Em comparação com o ambiente que se vive em Portugal, considera que, por aqui, está tudo mais calmo. “Acho que é mais assustador lá, onde as pessoas não podem mesmo sair de casa, o que é uma medida muito dura”, que, segundo explica, foi aplicada de forma “muito radical em muito pouco tempo”, ainda que necessária. Há apenas uma semana, recorda, estava a fazer uma vida normal na cidade com os pais.
“Estou um bocado chocada”, acrescenta. Desde que chegou ao nosso País, Rita tem estado a trabalhar a partir de casa e só saiu uma vez para correr de manhã no paredão de Cascais enquanto estava vazio, que fica próximo da casa dos pais. Cancelou programas, jantares e um fim de semana com as amigas na Comporta por não querer arriscar contaminar ninguém.
À NiT, Rita Saraiva diz que se sente mais segura em Portugal do que em Espanha e que acredita estar a fazer a sua parte para travar a propagação do vírus, tal como a maior parte das pessoas que conhece.
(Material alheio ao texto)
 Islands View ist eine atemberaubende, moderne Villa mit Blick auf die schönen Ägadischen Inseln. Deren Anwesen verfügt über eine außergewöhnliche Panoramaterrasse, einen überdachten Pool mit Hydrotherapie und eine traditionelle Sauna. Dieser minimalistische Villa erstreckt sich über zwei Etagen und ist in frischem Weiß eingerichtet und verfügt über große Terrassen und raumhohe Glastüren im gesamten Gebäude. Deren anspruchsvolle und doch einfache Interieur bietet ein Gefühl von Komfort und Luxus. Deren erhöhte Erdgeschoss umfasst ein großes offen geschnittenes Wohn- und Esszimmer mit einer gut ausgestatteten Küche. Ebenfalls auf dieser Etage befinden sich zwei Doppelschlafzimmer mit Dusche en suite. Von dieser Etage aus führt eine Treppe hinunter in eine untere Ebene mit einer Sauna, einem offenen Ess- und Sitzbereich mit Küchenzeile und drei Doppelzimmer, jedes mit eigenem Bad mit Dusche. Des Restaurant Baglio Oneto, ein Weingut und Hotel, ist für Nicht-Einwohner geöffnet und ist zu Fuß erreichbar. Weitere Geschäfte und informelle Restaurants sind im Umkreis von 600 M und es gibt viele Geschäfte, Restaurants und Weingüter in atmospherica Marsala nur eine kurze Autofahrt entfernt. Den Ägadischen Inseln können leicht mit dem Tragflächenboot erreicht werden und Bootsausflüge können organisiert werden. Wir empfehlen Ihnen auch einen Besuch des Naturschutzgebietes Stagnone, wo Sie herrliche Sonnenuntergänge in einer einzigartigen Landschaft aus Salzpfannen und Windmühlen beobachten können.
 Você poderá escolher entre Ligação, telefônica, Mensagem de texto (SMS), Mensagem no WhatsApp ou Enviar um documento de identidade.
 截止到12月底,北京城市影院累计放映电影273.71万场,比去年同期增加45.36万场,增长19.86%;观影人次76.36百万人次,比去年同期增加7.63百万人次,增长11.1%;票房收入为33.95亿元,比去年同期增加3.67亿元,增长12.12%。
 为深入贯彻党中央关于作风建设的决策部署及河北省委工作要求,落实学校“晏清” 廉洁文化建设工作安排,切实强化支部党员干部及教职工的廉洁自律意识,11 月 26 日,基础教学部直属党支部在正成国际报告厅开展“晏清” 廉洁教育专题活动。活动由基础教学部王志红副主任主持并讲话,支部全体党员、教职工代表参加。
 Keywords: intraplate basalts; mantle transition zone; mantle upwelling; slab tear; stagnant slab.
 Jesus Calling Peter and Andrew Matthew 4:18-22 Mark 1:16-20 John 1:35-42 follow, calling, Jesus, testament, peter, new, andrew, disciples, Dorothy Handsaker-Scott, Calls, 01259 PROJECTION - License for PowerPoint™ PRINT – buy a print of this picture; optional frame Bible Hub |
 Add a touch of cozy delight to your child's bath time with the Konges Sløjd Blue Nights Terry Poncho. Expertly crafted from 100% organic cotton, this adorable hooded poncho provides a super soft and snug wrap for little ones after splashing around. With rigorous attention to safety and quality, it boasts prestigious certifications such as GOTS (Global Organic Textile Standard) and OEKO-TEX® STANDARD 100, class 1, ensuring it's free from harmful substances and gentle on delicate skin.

Apesar disso, pensa que os espanhóis estão “mais consciencializados do que os portugueses”, o que justifica com as medidas mais estritas que o governo do país vizinho já adotou.
“Aqui as coisas estão mais tranquilas”, conclui, acrescentando: “Até porque, para todos os efeitos, ainda se pode sair de casa. Mas acho que as coisas ainda vão escalar muito, sinceramente”.